Pictures don't belong in the copy; print all the records exactly.

======== DATASET ========

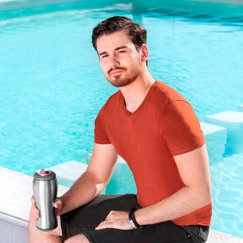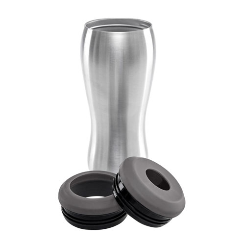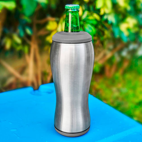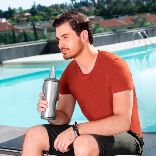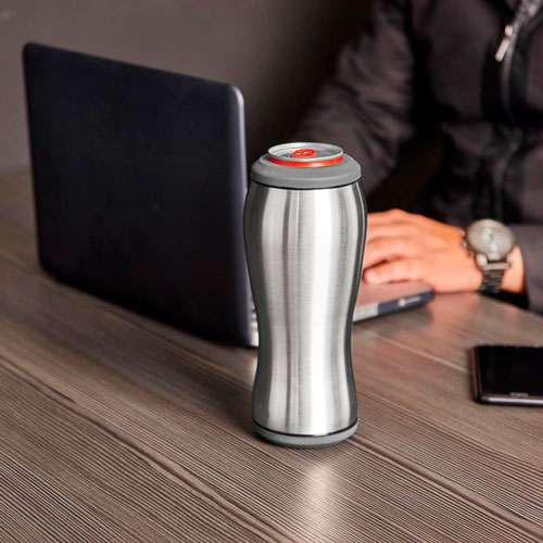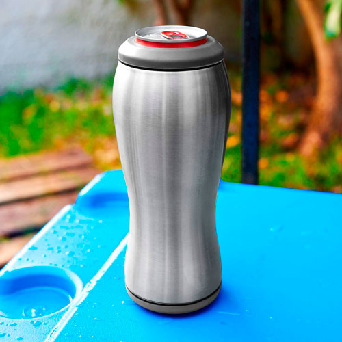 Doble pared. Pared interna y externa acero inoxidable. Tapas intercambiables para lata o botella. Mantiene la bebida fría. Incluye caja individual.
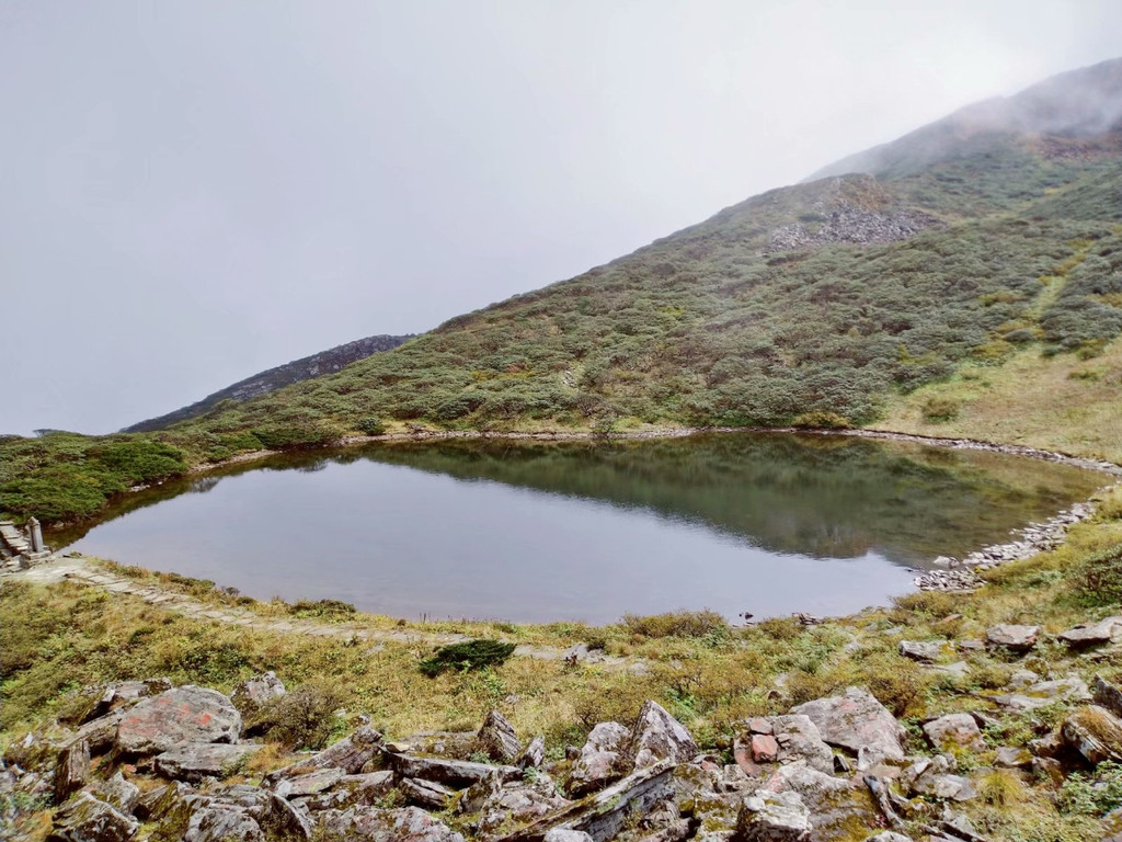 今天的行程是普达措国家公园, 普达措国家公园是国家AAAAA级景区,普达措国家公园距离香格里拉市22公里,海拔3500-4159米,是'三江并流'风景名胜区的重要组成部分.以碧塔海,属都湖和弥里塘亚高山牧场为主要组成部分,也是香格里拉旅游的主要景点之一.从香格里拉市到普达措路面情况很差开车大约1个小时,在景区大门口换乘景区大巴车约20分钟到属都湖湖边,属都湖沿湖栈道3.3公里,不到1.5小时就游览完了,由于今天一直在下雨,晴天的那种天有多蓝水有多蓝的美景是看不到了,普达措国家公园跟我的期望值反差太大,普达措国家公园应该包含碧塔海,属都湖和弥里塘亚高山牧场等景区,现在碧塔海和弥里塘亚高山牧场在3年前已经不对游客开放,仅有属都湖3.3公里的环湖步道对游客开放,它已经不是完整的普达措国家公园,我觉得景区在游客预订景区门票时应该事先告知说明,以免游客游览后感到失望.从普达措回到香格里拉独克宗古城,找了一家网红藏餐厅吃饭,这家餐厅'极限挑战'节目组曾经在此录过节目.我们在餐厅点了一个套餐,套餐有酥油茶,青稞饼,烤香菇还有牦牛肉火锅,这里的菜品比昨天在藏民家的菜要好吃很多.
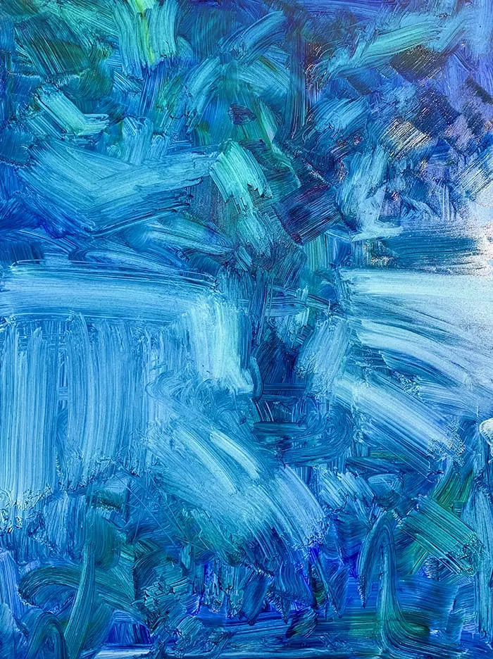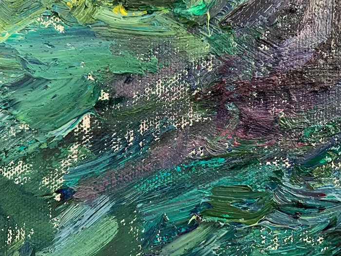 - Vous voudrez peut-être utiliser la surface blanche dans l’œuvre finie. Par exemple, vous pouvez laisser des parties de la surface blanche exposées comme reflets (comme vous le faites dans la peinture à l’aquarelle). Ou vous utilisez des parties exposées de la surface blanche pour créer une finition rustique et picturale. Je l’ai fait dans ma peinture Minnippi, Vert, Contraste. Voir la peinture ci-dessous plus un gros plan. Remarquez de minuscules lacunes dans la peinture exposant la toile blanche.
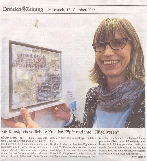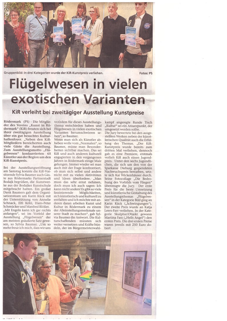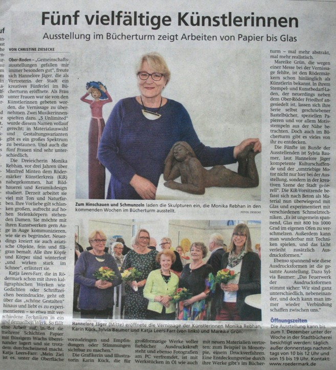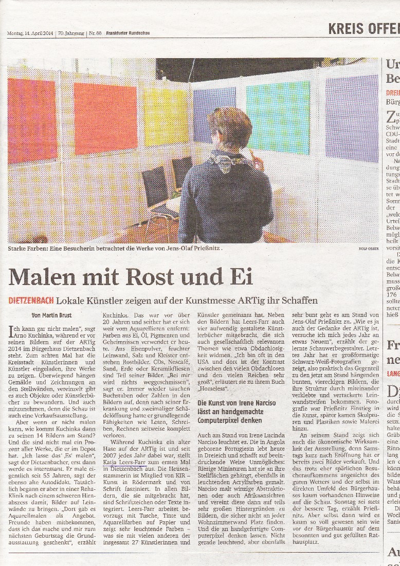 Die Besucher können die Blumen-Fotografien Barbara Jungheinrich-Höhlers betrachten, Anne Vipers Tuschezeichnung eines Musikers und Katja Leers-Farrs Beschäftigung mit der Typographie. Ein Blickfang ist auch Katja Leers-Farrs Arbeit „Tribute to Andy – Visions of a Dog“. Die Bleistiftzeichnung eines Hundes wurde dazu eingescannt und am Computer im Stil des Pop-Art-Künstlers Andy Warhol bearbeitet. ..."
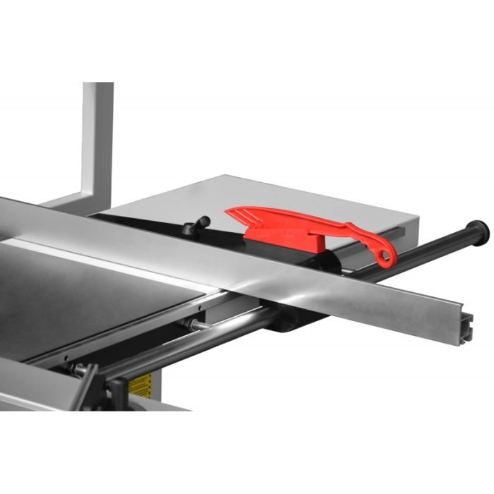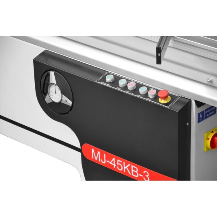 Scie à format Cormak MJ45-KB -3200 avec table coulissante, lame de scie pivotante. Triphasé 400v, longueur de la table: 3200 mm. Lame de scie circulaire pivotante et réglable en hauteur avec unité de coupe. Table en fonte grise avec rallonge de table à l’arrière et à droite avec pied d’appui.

========

■ **ANSWER AREA**
 Doble pared. Pared interna y externa acero inoxidable. Tapas intercambiables para lata o botella. Mantiene la bebida fría. Incluye caja individual.
 今天的行程是普达措国家公园, 普达措国家公园是国家AAAAA级景区,普达措国家公园距离香格里拉市22公里,海拔3500-4159米,是'三江并流'风景名胜区的重要组成部分.以碧塔海,属都湖和弥里塘亚高山牧场为主要组成部分,也是香格里拉旅游的主要景点之一.从香格里拉市到普达措路面情况很差开车大约1个小时,在景区大门口换乘景区大巴车约20分钟到属都湖湖边,属都湖沿湖栈道3.3公里,不到1.5小时就游览完了,由于今天一直在下雨,晴天的那种天有多蓝水有多蓝的美景是看不到了,普达措国家公园跟我的期望值反差太大,普达措国家公园应该包含碧塔海,属都湖和弥里塘亚高山牧场等景区,现在碧塔海和弥里塘亚高山牧场在3年前已经不对游客开放,仅有属都湖3.3公里的环湖步道对游客开放,它已经不是完整的普达措国家公园,我觉得景区在游客预订景区门票时应该事先告知说明,以免游客游览后感到失望.从普达措回到香格里拉独克宗古城,找了一家网红藏餐厅吃饭,这家餐厅'极限挑战'节目组曾经在此录过节目.我们在餐厅点了一个套餐,套餐有酥油茶,青稞饼,烤香菇还有牦牛肉火锅,这里的菜品比昨天在藏民家的菜要好吃很多.
 - Vous voudrez peut-être utiliser la surface blanche dans l’œuvre finie. Par exemple, vous pouvez laisser des parties de la surface blanche exposées comme reflets (comme vous le faites dans la peinture à l’aquarelle). Ou vous utilisez des parties exposées de la surface blanche pour créer une finition rustique et picturale. Je l’ai fait dans ma peinture Minnippi, Vert, Contraste. Voir la peinture ci-dessous plus un gros plan. Remarquez de minuscules lacunes dans la peinture exposant la toile blanche.
 Die Besucher können die Blumen-Fotografien Barbara Jungheinrich-Höhlers betrachten, Anne Vipers Tuschezeichnung eines Musikers und Katja Leers-Farrs Beschäftigung mit der Typographie. Ein Blickfang ist auch Katja Leers-Farrs Arbeit „Tribute to Andy – Visions of a Dog“. Die Bleistiftzeichnung eines Hundes wurde dazu eingescannt und am Computer im Stil des Pop-Art-Künstlers Andy Warhol bearbeitet. ..."
 Scie à format Cormak MJ45-KB -3200 avec table coulissante, lame de scie pivotante. Triphasé 400v, longueur de la table: 3200 mm. Lame de scie circulaire pivotante et réglable en hauteur avec unité de coupe. Table en fonte grise avec rallonge de table à l’arrière et à droite avec pied d’appui.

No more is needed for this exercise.